DATA SHOWN:
== Segment start ==
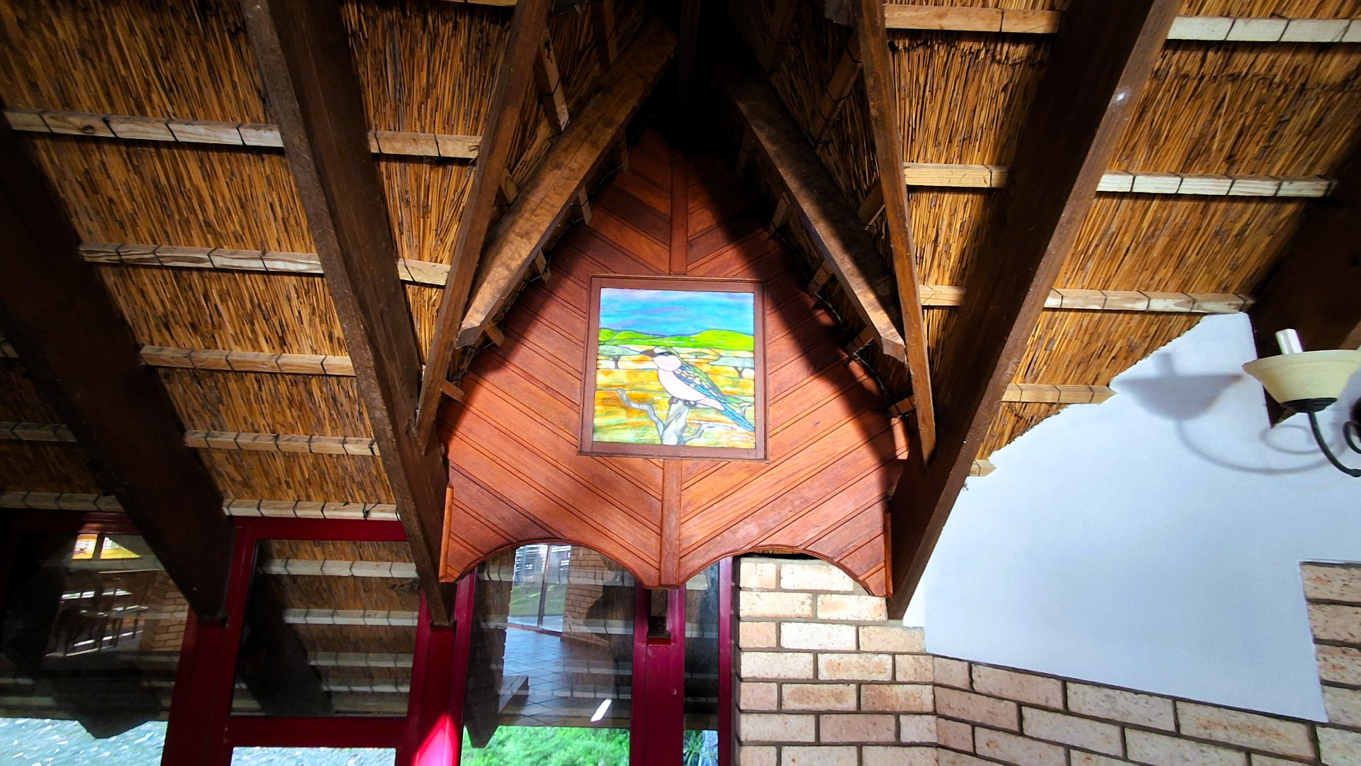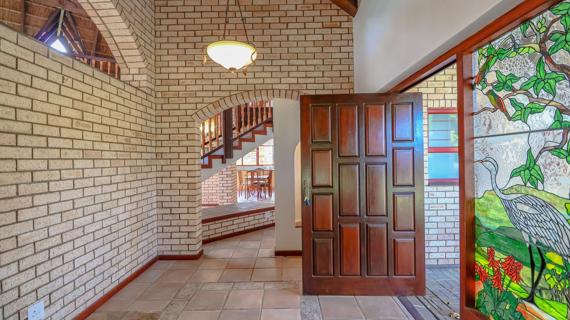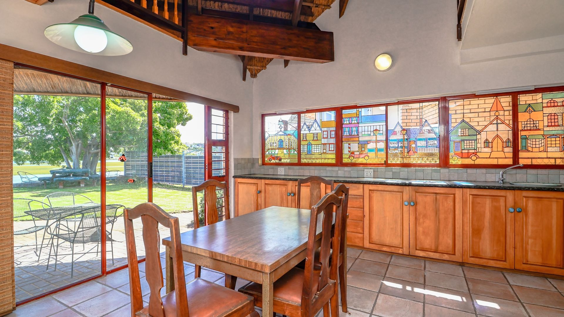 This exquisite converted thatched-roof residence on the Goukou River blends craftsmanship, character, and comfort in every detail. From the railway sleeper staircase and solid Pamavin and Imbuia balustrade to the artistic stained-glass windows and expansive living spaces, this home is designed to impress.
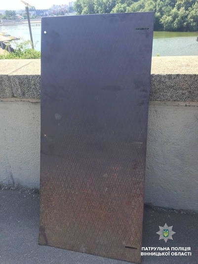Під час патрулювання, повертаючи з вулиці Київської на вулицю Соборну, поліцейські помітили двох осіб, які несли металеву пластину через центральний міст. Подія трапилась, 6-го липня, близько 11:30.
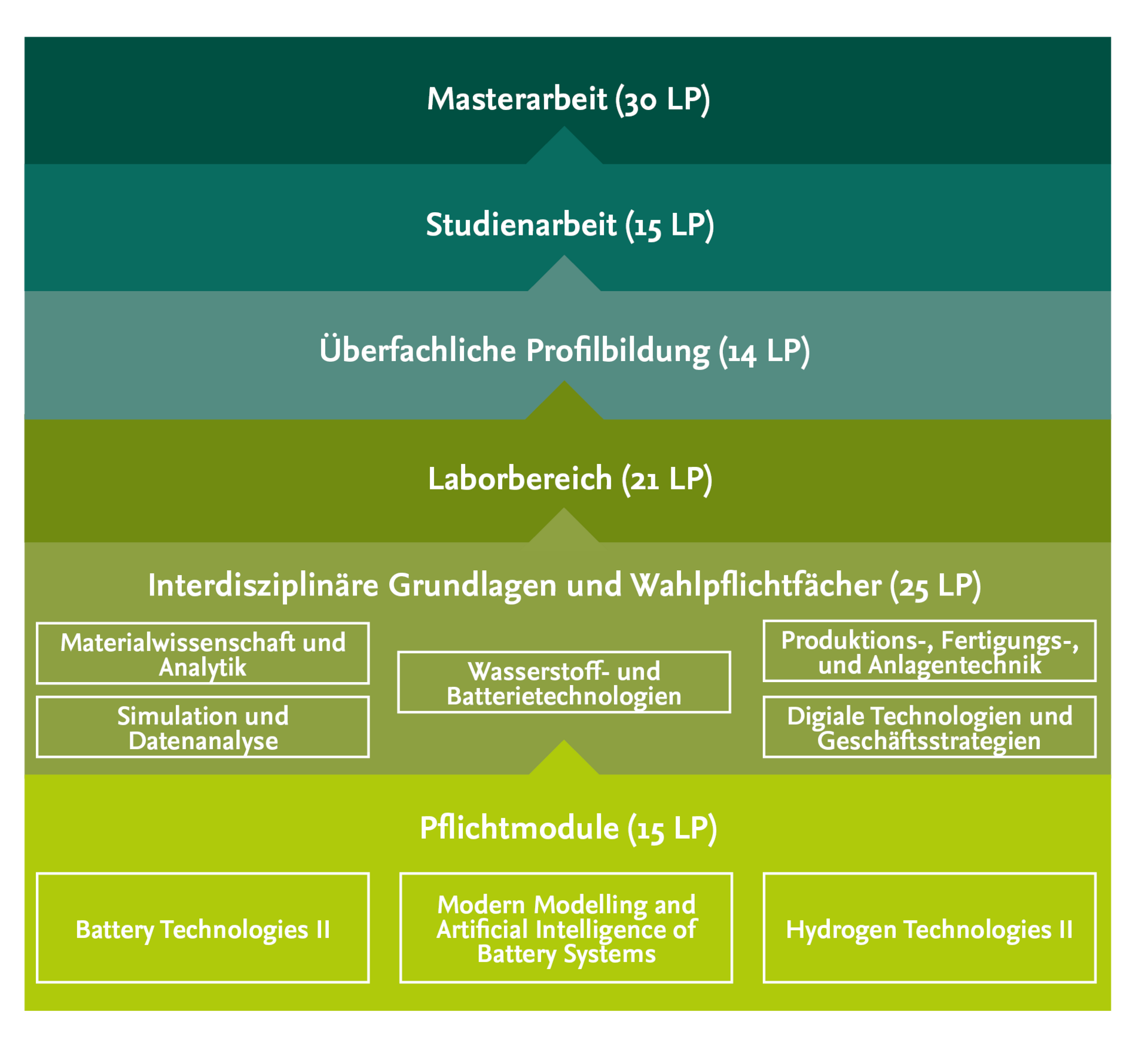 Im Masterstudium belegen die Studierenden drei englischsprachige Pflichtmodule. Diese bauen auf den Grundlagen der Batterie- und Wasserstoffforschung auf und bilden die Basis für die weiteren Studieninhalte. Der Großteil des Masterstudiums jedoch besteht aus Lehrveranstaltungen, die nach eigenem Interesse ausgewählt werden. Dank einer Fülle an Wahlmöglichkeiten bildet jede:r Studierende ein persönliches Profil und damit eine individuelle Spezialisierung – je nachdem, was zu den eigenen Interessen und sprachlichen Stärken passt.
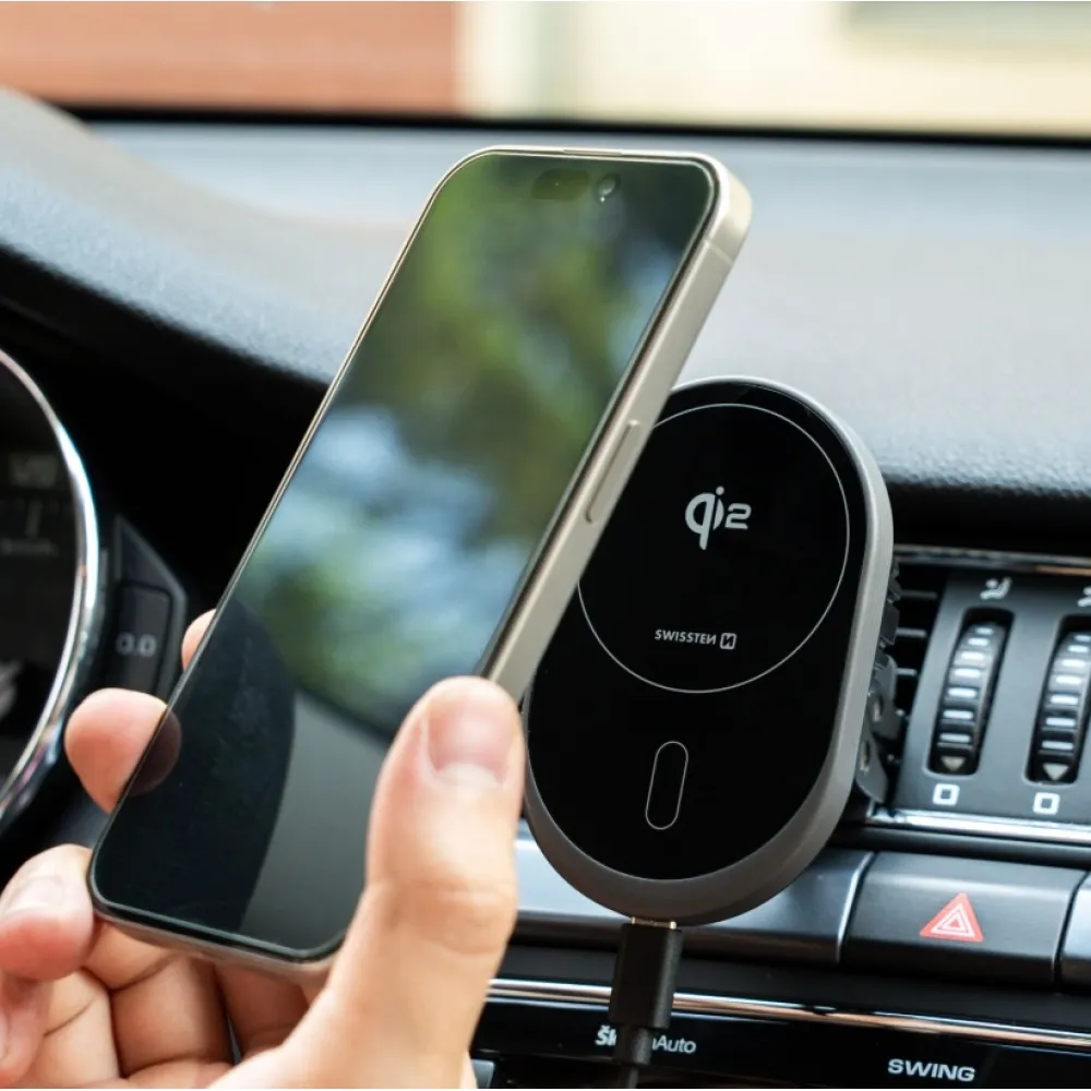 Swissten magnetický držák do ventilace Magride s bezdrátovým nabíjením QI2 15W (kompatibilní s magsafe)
== Segment end ==
INSTRUCTIONS FOR THE TASK: Now repeat exactly the lines from the one with "Im Masterstudium belegen" through the end of the listing above, both included, omitting all pictures.

EXERCISE RESPONSE:
 Im Masterstudium belegen die Studierenden drei englischsprachige Pflichtmodule. Diese bauen auf den Grundlagen der Batterie- und Wasserstoffforschung auf und bilden die Basis für die weiteren Studieninhalte. Der Großteil des Masterstudiums jedoch besteht aus Lehrveranstaltungen, die nach eigenem Interesse ausgewählt werden. Dank einer Fülle an Wahlmöglichkeiten bildet jede:r Studierende ein persönliches Profil und damit eine individuelle Spezialisierung – je nachdem, was zu den eigenen Interessen und sprachlichen Stärken passt.
 Swissten magnetický držák do ventilace Magride s bezdrátovým nabíjením QI2 15W (kompatibilní s magsafe)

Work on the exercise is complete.